4. Removing sites to free up resources. This is stopping the application, cleaning the stand and removing images from the Registry.
As a result, the following scheme is obtained:

At this stage, we already have a completely finished product, but inconvenient. Anyone who has used Jenkins knows that configuring it for each stand is still a pleasure, and it will be difficult to implement such a practice in a team.
Custom control panel
It was not possible to find a ready-made solution with a normal user interface, so we decided to write it ourselves. We chose the Django + Vue + Vuetify stack. With the help of one developer, they implemented the necessary functionality in just two weeks:

The control panel itself is quite simple and consists of several models:
Settings. For example, an access key to Jenkins or GitLab. Roughly speaking, key-value data store
Stand configuration. These are three entities: project, service and site.
A project is the required fields, such as type and code, and a set of project parameters, which may vary depending on the project.
The project has services. They also have required fields, such as symbolic code and repository, and additional fields that can be added in any number.
Together, the project and services serve as a template for the stand, that is, the stand parameters are formed from the settings of the project and services. Options can be overridden. These parameters are turned into trigger parameters for pipelines in Jenkins.

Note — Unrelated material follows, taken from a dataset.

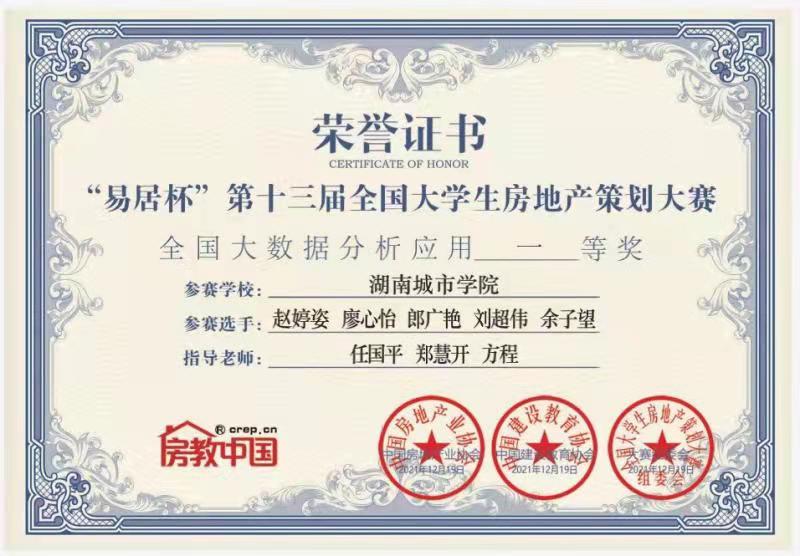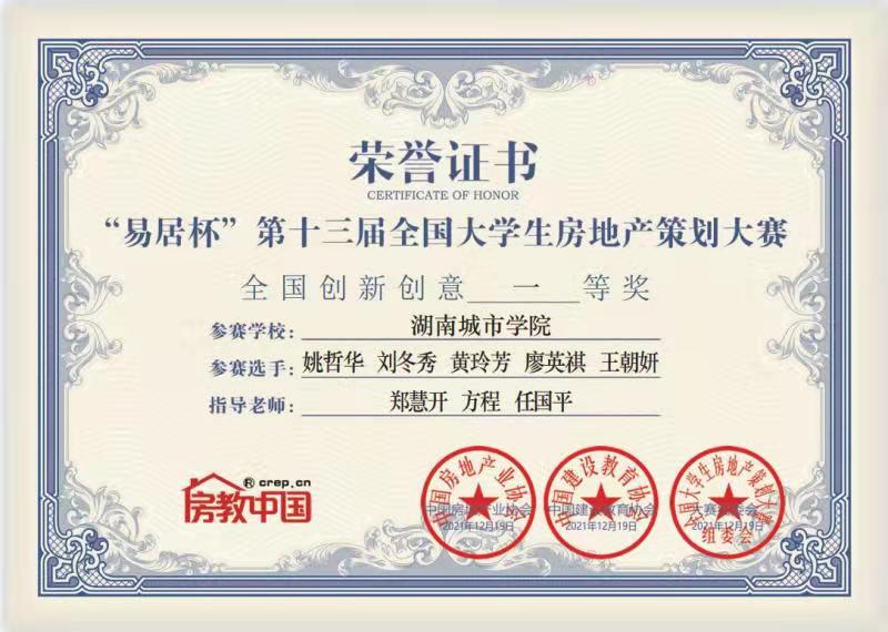 金年金官网共派出六支队伍参赛,在管理学院郑慧开老师、任国平老师、建筑与城市规划学院方程老师认真严谨的指导下,参赛同学刻苦努力备赛。其中由19级房地产开发与管理专业姚哲华、廖英祺、黄玲芳、刘冬秀、赵婷姿、廖心怡、郎广艳、刘超伟、18级城乡规划专业王朝妍、余子望共十位同学组成的两支队伍均获全国一等奖。其余四支队伍分别获全国二、三等奖,金年金官网并获大赛“优秀组织高校”荣誉,创历史新高!

Integrations with Jira, Jenkins, Docker-registry, Gitlab and Traefik.
Traefik
Traefik deserves special attention here. In our opinion, this is the best reverse proxy for Docker in the world. We did not particularly check other tools, but when we studied how it is done in Nginx, we were horrified and decided to use Traefik.

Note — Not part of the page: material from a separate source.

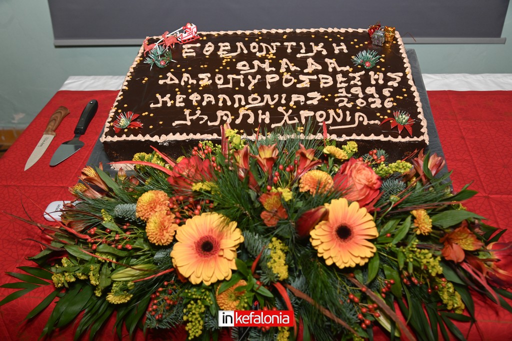 Την βασιλόπιτα ευλόγησε και έκοψε ο ιερέας π. Ανδρέας Σβορώνος, μαζί με τον επικεφαλής της Εθελοντικής Ομάδας Δασοπυρόσβεσης Κεφαλονιάς, Σπύρο Μοσχόπουλο.

Why is he so good? The fact that he can force the application to open on a specific link. For example, these 4 lines make the container available at the stage URL we need:

This is the whole configuration. Traefik itself also has settings, but they are just as simple.

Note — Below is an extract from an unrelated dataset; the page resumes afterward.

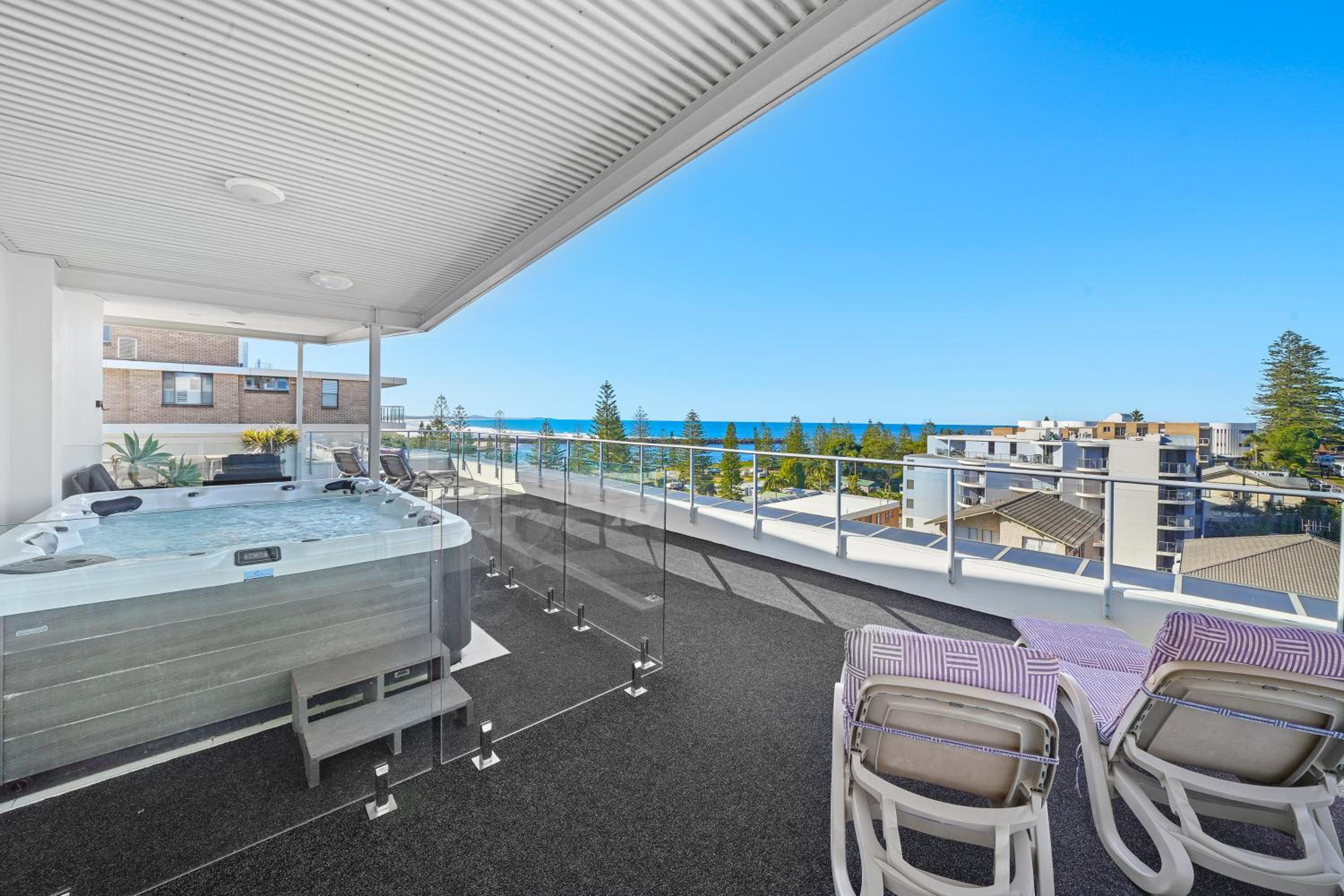 Experience luxury at Macquarie Waters Boutique Apartment Hotel with a rooftop hot tub offering stunning ocean views. Relax and unwind in style while enjoying the picturesque scenery.

To save power, we decided to implement a rule that running stands must be deleted every night, but quickly ran into a problem. The tester does not always have time to check the task before the site is deleted, and the next day he sees a 404 error.
Traefik helped in this situation too. Added a mini-application – 404 error handler. Now, when a tester enters the site, he can start the creation of the site by the button:

Registry + Portainer
All of our images are stored in the Docker-registry. In the current situation, it came in handy, since Elastic and Logstash can no longer be downloaded without a VPN. But they are now in our Registry.
Of the minuses, deleting an image by tag is not very convenient here. There is simply no method for deleting by tag. To delete, you must first request the hash of the manifest by tag, delete the manifest by the received hash, and run the garbage collector inside the registry. Only then will the registry clean up the space. Uncomfortable, but tolerable.
Portainer provides a visual interface for managing containers. It allows you to view logs, go inside containers without connecting to servers and restart them.
Results
We got rid of the pain of merging into the dev branch. Now we don’t waste any more time on this. We can get as many test benches as needed, and it’s done quickly. The site unfolds on average in 4 minutes.
Stage is isolated, so we also got rid of false returns of tasks from testing. This had a good effect on the spirit of the team – after all, it’s unpleasant when you did everything right, and the task returned with an unsuccessful test result.
We got a tool for running in new tools. An application in PHP 7.4 is launched in a couple of clicks.